→ Data to examine:
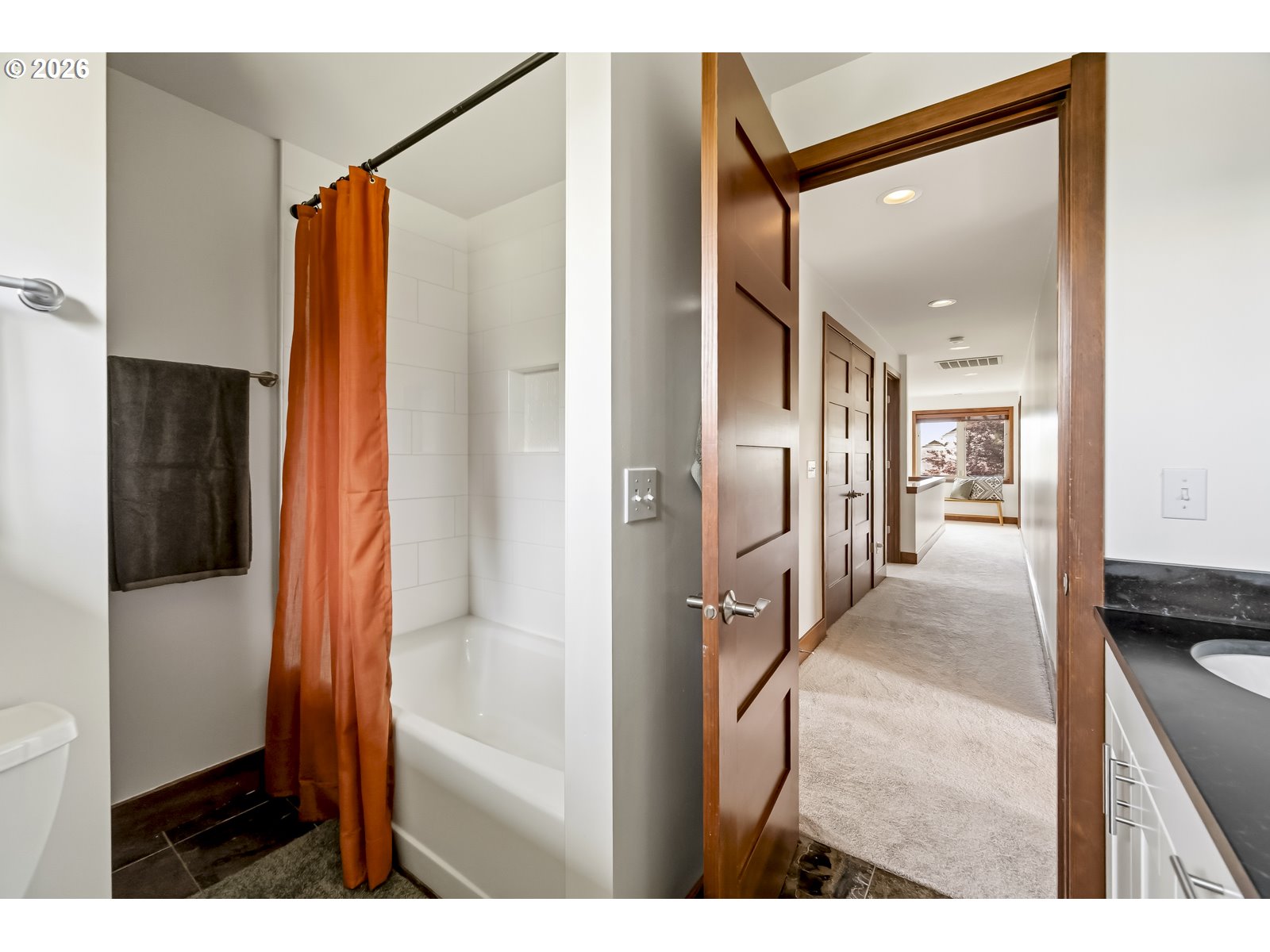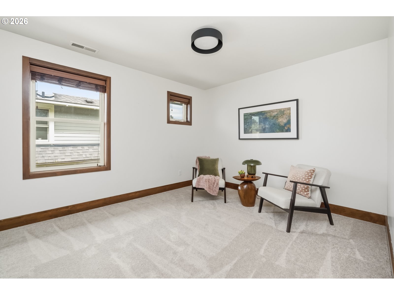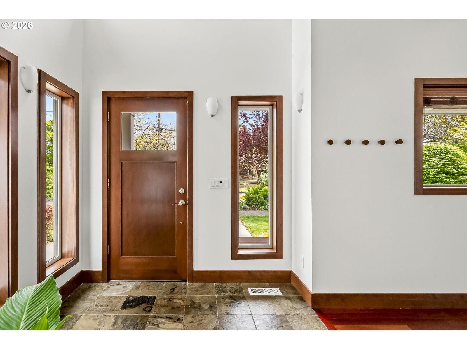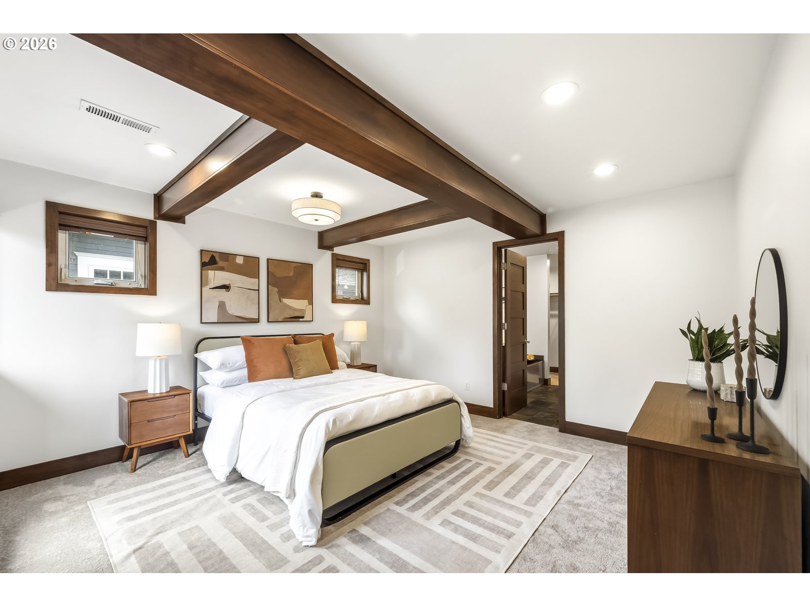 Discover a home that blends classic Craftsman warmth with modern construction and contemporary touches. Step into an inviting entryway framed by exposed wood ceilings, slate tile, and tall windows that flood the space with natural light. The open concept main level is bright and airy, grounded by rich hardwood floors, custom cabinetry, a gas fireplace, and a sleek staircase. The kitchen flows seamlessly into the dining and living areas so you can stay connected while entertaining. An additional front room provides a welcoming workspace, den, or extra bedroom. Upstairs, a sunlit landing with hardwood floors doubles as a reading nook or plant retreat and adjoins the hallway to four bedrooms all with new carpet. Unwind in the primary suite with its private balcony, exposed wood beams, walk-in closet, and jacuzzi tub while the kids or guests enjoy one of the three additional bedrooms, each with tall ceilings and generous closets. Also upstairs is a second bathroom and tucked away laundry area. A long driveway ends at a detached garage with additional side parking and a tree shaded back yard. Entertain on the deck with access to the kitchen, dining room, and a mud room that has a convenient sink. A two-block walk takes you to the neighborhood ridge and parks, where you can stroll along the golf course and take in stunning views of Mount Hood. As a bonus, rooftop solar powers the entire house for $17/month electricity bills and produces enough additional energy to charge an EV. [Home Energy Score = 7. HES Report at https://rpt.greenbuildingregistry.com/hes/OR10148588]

==

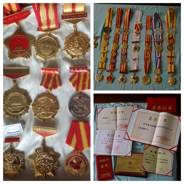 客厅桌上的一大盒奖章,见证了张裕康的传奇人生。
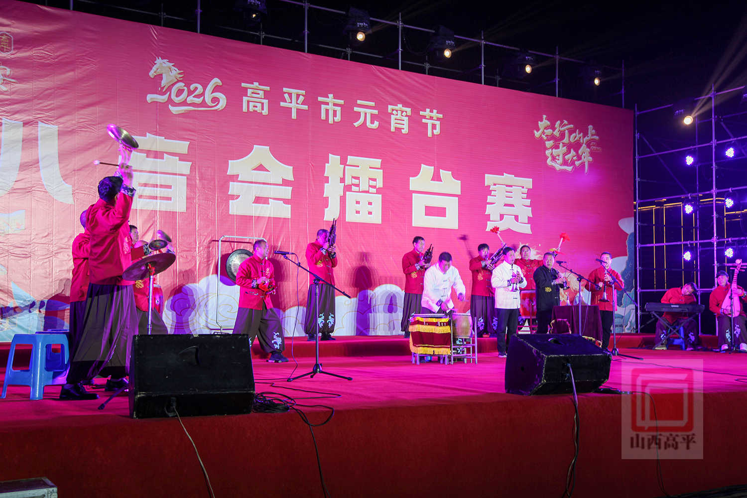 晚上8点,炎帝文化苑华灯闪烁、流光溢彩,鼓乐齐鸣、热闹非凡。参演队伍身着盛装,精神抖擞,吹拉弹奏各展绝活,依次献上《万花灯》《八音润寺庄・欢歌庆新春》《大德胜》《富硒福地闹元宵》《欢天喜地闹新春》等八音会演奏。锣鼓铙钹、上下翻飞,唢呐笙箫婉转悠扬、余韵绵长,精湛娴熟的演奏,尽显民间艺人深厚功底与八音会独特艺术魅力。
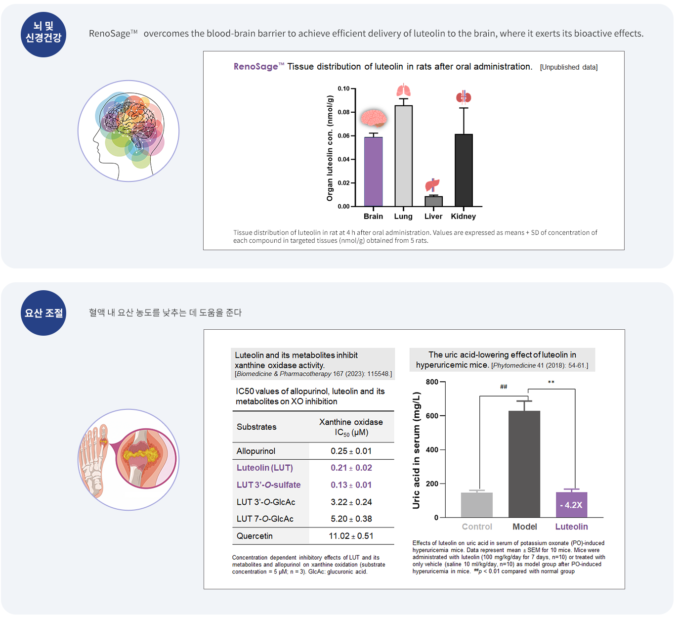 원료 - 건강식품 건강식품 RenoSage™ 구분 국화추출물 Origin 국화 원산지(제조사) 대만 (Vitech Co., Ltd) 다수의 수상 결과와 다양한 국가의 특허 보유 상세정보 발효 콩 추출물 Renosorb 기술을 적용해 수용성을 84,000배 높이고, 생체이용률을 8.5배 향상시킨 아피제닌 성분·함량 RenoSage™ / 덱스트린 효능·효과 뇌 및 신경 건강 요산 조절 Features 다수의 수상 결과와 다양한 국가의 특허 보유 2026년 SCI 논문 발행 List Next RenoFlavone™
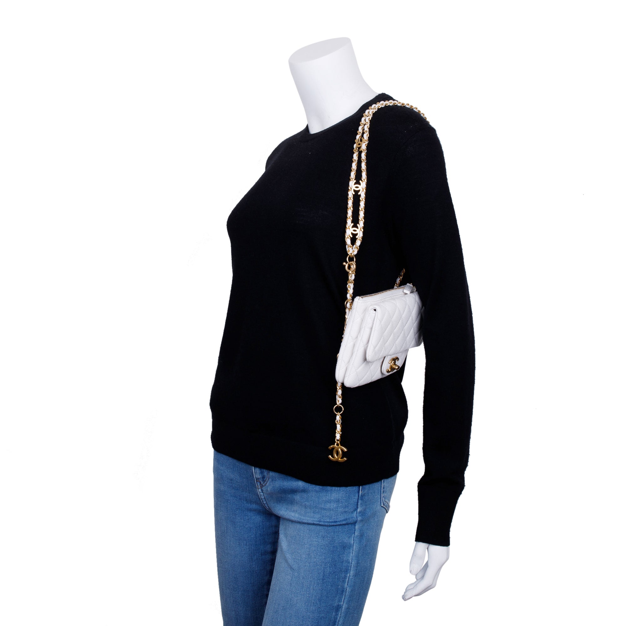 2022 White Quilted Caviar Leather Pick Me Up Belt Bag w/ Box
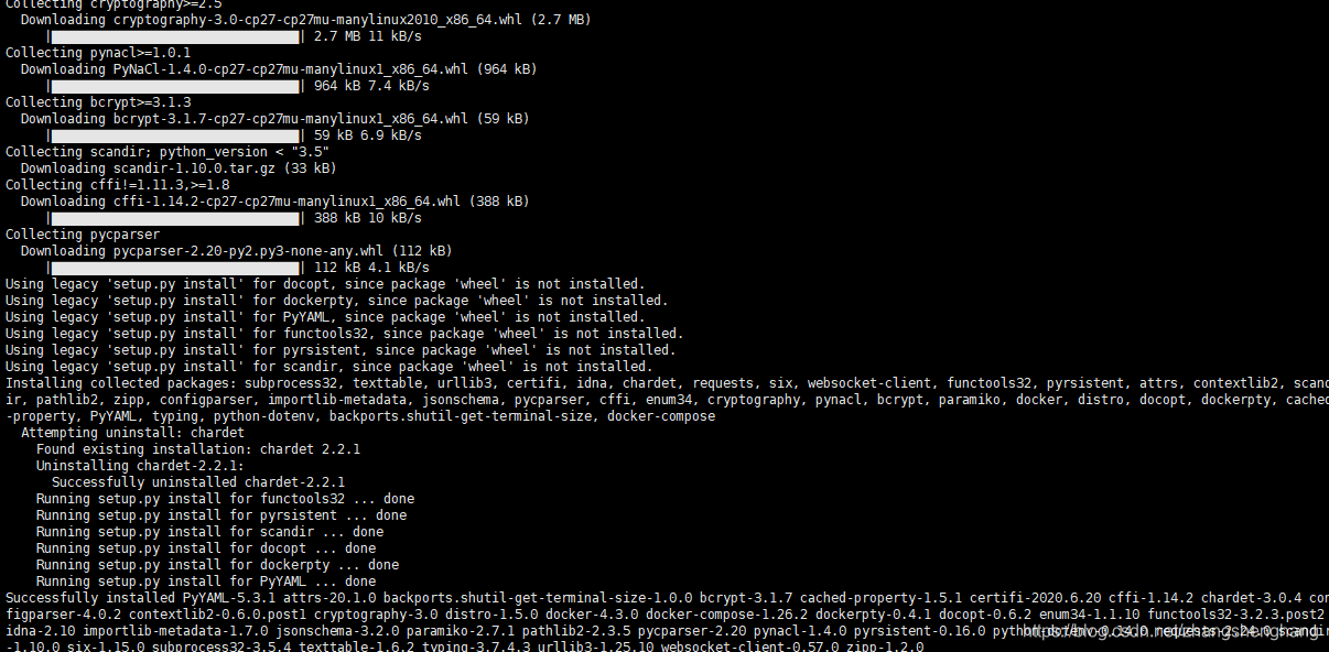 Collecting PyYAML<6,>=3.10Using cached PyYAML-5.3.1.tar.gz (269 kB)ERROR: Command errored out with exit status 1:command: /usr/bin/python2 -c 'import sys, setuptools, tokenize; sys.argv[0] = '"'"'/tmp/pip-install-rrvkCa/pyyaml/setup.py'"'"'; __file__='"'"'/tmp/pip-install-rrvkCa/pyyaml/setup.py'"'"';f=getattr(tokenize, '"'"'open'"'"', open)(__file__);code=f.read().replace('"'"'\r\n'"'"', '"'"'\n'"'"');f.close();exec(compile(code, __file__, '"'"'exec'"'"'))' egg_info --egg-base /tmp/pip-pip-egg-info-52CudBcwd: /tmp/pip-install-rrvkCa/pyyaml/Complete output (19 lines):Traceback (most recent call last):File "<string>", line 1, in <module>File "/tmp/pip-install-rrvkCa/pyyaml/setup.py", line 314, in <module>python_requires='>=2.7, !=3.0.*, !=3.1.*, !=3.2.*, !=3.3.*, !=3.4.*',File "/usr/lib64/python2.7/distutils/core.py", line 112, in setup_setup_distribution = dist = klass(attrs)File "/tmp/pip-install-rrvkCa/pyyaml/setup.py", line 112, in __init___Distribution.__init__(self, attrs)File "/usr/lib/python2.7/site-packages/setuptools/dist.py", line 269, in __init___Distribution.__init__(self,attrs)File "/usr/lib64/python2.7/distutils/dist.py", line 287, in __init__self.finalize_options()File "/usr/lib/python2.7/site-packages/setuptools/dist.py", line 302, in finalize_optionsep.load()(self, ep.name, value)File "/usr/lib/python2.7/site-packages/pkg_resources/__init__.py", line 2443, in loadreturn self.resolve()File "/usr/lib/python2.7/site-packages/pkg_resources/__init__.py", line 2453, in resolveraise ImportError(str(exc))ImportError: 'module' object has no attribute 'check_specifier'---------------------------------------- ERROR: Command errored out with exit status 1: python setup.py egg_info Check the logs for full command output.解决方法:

→ What you should do:
Leave out every picture, and copy exactly the lines above starting at the one holding "원료 - 건강식품 건강식품" and ending at the one holding "2022 White Quilted", no more and no less.

→ Solution for this problem:
 원료 - 건강식품 건강식품 RenoSage™ 구분 국화추출물 Origin 국화 원산지(제조사) 대만 (Vitech Co., Ltd) 다수의 수상 결과와 다양한 국가의 특허 보유 상세정보 발효 콩 추출물 Renosorb 기술을 적용해 수용성을 84,000배 높이고, 생체이용률을 8.5배 향상시킨 아피제닌 성분·함량 RenoSage™ / 덱스트린 효능·효과 뇌 및 신경 건강 요산 조절 Features 다수의 수상 결과와 다양한 국가의 특허 보유 2026년 SCI 논문 발행 List Next RenoFlavone™
 2022 White Quilted Caviar Leather Pick Me Up Belt Bag w/ Box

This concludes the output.